Some skills are taught from school but most of the life skills are never, they are free. And although the best things in life may be free, but that doesn’t mean they won’t take time, sweat, and perseverance to acquire.

That’s especially the case when it comes to learning important life skills.

Empathy

“You can be the most disciplined, brilliant, and even wealthy individual in the world, but if you don’t care for or empathize with other people, then you are basically nothing but a sociopath,” writes Kamia Taylor.

“Empathy — the ability to feel what others feel — is what makes good sales and service people truly great. Empathy as in team spirit . Empathy drives employees to push beyond their own apathy, to go bigger, because they feel something bigger than just a paycheck,” she writes.

Time management

Planning, Planning, planning! one of the hardest thing for most people.

Effective time management is one of the most highly valued skills by employers. While there is no one right way, it’s important to find a system that works for you and stick to it, Alina Grzegorzewska explains.

Asking for help

Knowing when you need help and then asking for it is surprisingly difficult to learn and do because no one wants to be perceived as weak or incompetent.

But a recent study from the Harvard Business School suggests doing so makes you look more, not less, capable. When you ask people for advice, you validate their intelligence or expertise, which makes you more likely to win them over.

Consistency

Consistency is vital to maintaining any kind of success and performance.

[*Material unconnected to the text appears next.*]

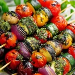 Et voilà, vous avez réussi ! Ces Brochettes de légumes au pesto vert grillé sont non seulement délicieuses mais aussi extrêmement simples à faire. Qui aurait cru que vous pouviez dîner comme un pro en si peu de temps ? Partagez-les avec des amis, une bonne bouteille de rosé et le ciel s’illumine. Qui sait, vous pourriez même devenir la reine ou le roi des barbecues dans votre quartier. À vous d’en faire le plat culte de vos soirées d’été ! Bonne dégustation, et n’oubliez pas de me tenir au courant de vos succès culinaires ! 🍽️

People often stop working hard when they reach the top, and yet to maintain that top position, you have to work harder and be more consistent in your work.

Positive self-talk

Ultimately it doesn’t matter what others think of you, but what you think of yourself certainly does, and it takes time to build that level of confidence and ability to believe in yourself when nobody else does.

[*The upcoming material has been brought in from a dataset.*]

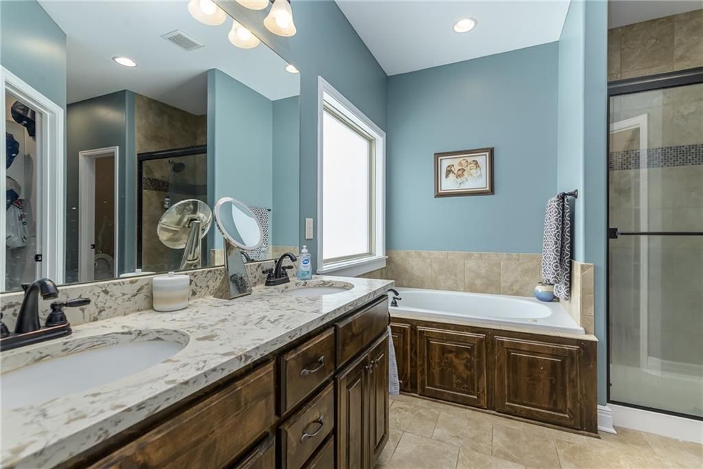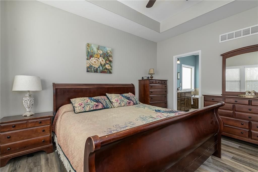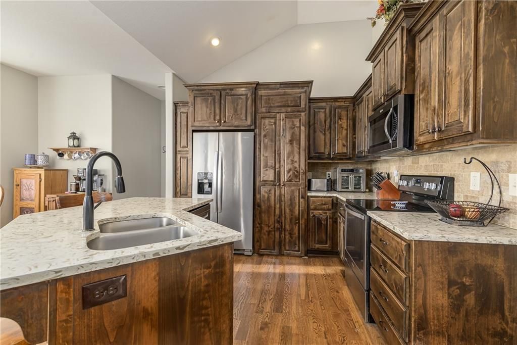 5000 Flooring Allowance, Plus Home Warranty<<<<<<<<<<<<<<<<<<<<<< Welcome home to this stunning 5-bedroom, 3-bath reverse ranch nestled in the quiet Stone Creek cul-de-sac. From the moment you walk in, the open floor plan invites you to relax and feel at home, featuring a cozy fireplace, spacious eat-in kitchen/dining area with granite counters, large island, and a walk-in pantry built for convenience. This practical layout continues with a primary suite that is your private retreat with walk-in closets, double vanities, a jetted tub, and a separate shower. Enjoy the convenience of the laundry room on the main floor with a mud room just as you walk in from the garage. Downstairs, the finished lower level provides endless possibilities with a family room, recreation room, tons of storage, and 2 additional bedrooms for guests and bathroom. This home has a water softener system as well as lots cabinets, closets and plenty of additional storage to support your organized lifestyle. As you walk outside of this home, you will enjoy a peaceful backyard oasis with a beautiful tree line and the sound of the creek which flows along the back of the property; the covered deck and patio are perfectly designed for entertaining with a wrought iron fence that borders the back of the home. The oversized three car garage has additional attic storage as well as a mount for your TV. This is home - it's a place to live, enjoy and create memories.

On the other side of positive self-talk is negative self-talk, which I believes can slowly chip away at your confidence.

Knowing when to shut up — and actually doing it

You can’t go around whining about every other thing that seems not-so-right to you in this world. Sometimes you just need to shut up.

There are many instances when keeping to yourself is the best course. Especially when we are angry, upset, agitated, or vexed. Because if we blurt out anything and everything that comes to our mind, we may later  regret it.

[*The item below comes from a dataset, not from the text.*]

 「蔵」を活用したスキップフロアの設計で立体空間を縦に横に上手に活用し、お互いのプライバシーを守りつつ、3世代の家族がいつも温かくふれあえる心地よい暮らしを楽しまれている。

Keeping your mouth shut when you’re agitated is one of the most valuable skills to learn, and of course, one of the most difficult.

Listening

Along with shutting up comes listening.

“Most of us in the workplace are so overwhelmed with things to do — instant messaging, phones ringing. I mean, our brain can only tolerate so much information before it snaps.

One tip for active listening is repeating back what you heard to the other person. “It makes things so much easier when everyone is on the same page.

Minding your business

It takes ages to learn and master this.

Sticking your nose into other people’s work isn’t helpful and wastes time and resources. “You have no right to put forth your two or four cents, even if you are the last righteous person standing.”

Resisting gossip

“The most important thing in life to me is relationships; and the most important thing about building and keeping good relationships is trust.”

One of the easiest ways to lose trust, is to gossip about people behind their back.

Mastering your thoughts and fears

To do what you want to do and accomplish what you want to accomplish, you need to consciously direct your thinking.

The challenge is that we are the product of our past experience and all of our thinking is the result of this. “However, note that the past does not equal the future.”

Speaking up

Speaking up in public can be so hard for many of us to do.